# Exercise directions
Return only the lines of the data below from the line with "Districts (barrios) of" up to and including the line with "I, user:Schmiteye took", exactly as written, with the pictures omitted.

··· Records for processing

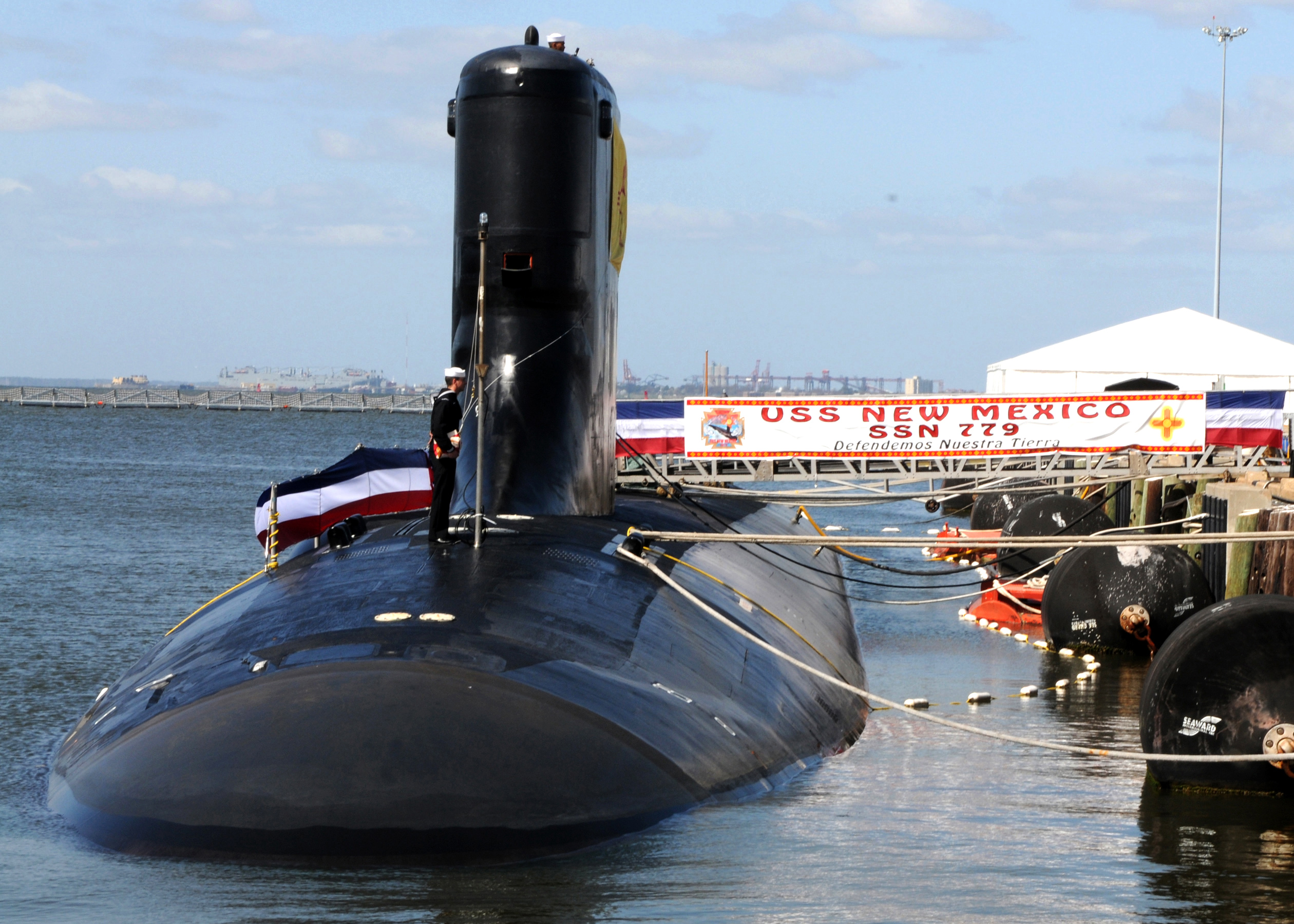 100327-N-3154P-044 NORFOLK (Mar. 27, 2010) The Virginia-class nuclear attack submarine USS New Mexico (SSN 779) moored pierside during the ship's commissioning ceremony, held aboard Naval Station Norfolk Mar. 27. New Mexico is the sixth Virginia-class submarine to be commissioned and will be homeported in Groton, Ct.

······
··· Records for processing

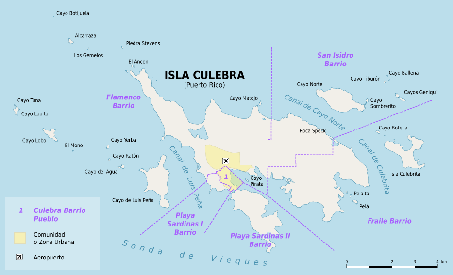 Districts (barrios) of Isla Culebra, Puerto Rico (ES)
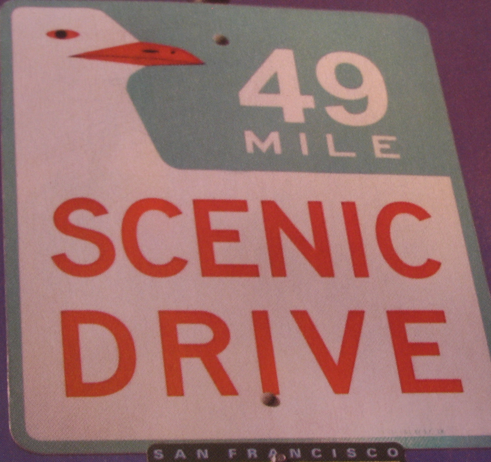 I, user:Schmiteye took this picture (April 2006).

······

# Solution for this task
 Districts (barrios) of Isla Culebra, Puerto Rico (ES)
 I, user:Schmiteye took this picture (April 2006).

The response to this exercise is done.